== RECORDS PROVIDED ==

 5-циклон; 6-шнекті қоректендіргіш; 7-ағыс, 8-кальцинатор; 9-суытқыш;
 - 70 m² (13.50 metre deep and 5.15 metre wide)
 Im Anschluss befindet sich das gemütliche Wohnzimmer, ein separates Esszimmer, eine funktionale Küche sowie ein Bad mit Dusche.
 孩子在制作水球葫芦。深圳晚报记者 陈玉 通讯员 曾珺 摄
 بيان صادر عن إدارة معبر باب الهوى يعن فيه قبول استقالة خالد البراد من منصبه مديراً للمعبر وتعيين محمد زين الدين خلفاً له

===
== RECORDS PROVIDED ==

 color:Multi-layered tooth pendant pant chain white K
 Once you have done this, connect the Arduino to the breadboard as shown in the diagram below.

===

→ ACTIVITY
Look above for the line holding "孩子在制作水球葫芦。深圳晚报记者 陈玉 通讯员 曾珺 摄" and the line holding "بيان صادر عن". Retype both, and every line between them, word for word and nothing else.

→ SOLUTION TO THE PROBLEM
 孩子在制作水球葫芦。深圳晚报记者 陈玉 通讯员 曾珺 摄
 بيان صادر عن إدارة معبر باب الهوى يعن فيه قبول استقالة خالد البراد من منصبه مديراً للمعبر وتعيين محمد زين الدين خلفاً له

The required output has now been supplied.